● **EXTRACTED DATA**
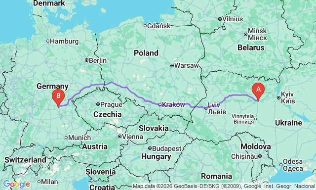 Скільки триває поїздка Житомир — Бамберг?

==

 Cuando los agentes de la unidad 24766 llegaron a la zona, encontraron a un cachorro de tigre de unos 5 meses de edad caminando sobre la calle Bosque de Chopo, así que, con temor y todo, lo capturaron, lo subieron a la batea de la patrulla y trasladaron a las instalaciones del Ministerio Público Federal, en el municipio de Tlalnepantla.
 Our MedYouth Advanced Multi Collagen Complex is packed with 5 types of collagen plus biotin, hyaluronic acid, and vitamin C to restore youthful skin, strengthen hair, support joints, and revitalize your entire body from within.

● **YOUR ASSIGNMENT**
Above this task is a listing. Restate, word for word and with nothing added, the lines from the one with "Cuando los agentes" through the one with "Our MedYouth Advanced".

● **TASK RESULT**
 Cuando los agentes de la unidad 24766 llegaron a la zona, encontraron a un cachorro de tigre de unos 5 meses de edad caminando sobre la calle Bosque de Chopo, así que, con temor y todo, lo capturaron, lo subieron a la batea de la patrulla y trasladaron a las instalaciones del Ministerio Público Federal, en el municipio de Tlalnepantla.
 Our MedYouth Advanced Multi Collagen Complex is packed with 5 types of collagen plus biotin, hyaluronic acid, and vitamin C to restore youthful skin, strengthen hair, support joints, and revitalize your entire body from within.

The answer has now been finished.